══ DATA EXTRACT

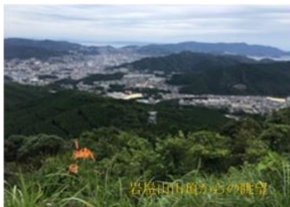
岩屋山山頂からの眺望

行程: 西諫早駅8:00—大草経由—岩屋神社9:00 —登山開始9:11—岩屋神社9:20—転び石9:45 —レイコ岩11:36—北尾根合流点12:48(昼食)13:00 —岩屋山山頂13:32—下山東南尾根を下山13:40 —六部堂尾根—駐車場着14:20—諫早15:20着
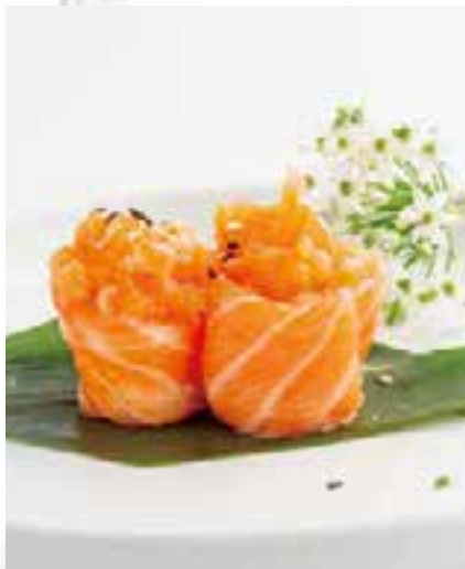
125. GUNKAN SPICY SALMONE 2PZ

bocconcini di riso avvolti con salmone, guarniti con tartare salmone, tobiko* e salsa piccante
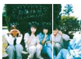
工業高校出身です!
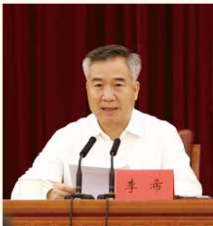
省委书记李希出席会议并讲话
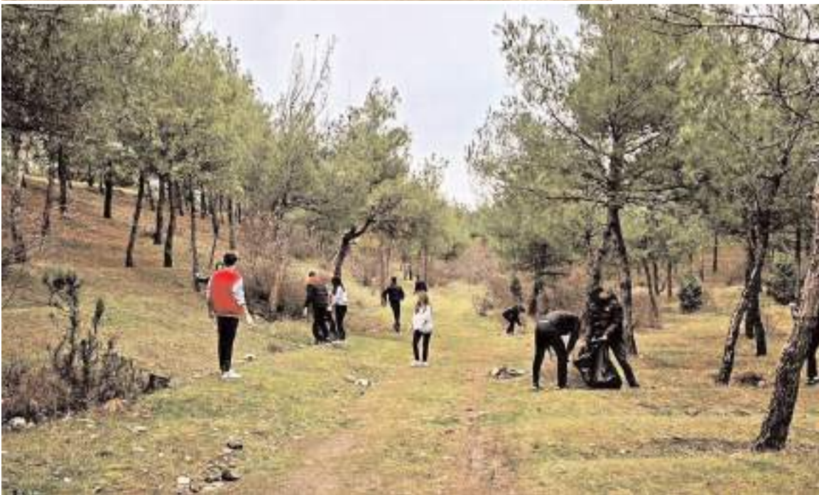
Öğrenciler ilçede bulunan ormanlık alanda temizlik yaptılar.

Osmancık İsmail Karataş Mesleki ve Teknik Anadolu Lisesi öğrencileri, ÇEDES projesi çerçevesinde ormanlık alanı temizledi.
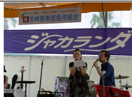
ジャカランダまつりへの協賛
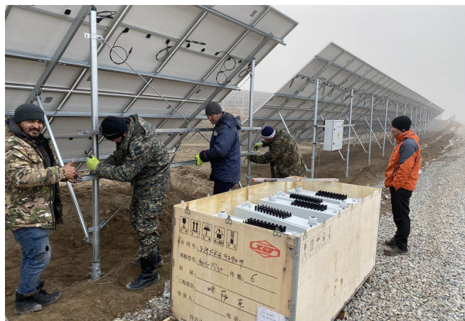
▲ 现场正在安装汇流箱支架

════

EXERCISE BRIEF » After locating the line containing "行程: 西諫早駅8:00—大草経由—岩屋神社9:00 —登山開始9:11—岩屋神社9:20—転び石9:45" in the entries above, return it and every line after it exactly, ending at the line containing "Öğrenciler ilçede bulunan", without pictures.

OUTPUT BELOW »
行程: 西諫早駅8:00—大草経由—岩屋神社9:00 —登山開始9:11—岩屋神社9:20—転び石9:45 —レイコ岩11:36—北尾根合流点12:48(昼食)13:00 —岩屋山山頂13:32—下山東南尾根を下山13:40 —六部堂尾根—駐車場着14:20—諫早15:20着
125. GUNKAN SPICY SALMONE 2PZ

bocconcini di riso avvolti con salmone, guarniti con tartare salmone, tobiko* e salsa piccante
工業高校出身です!
省委书记李希出席会议并讲话
Öğrenciler ilçede bulunan ormanlık alanda temizlik yaptılar.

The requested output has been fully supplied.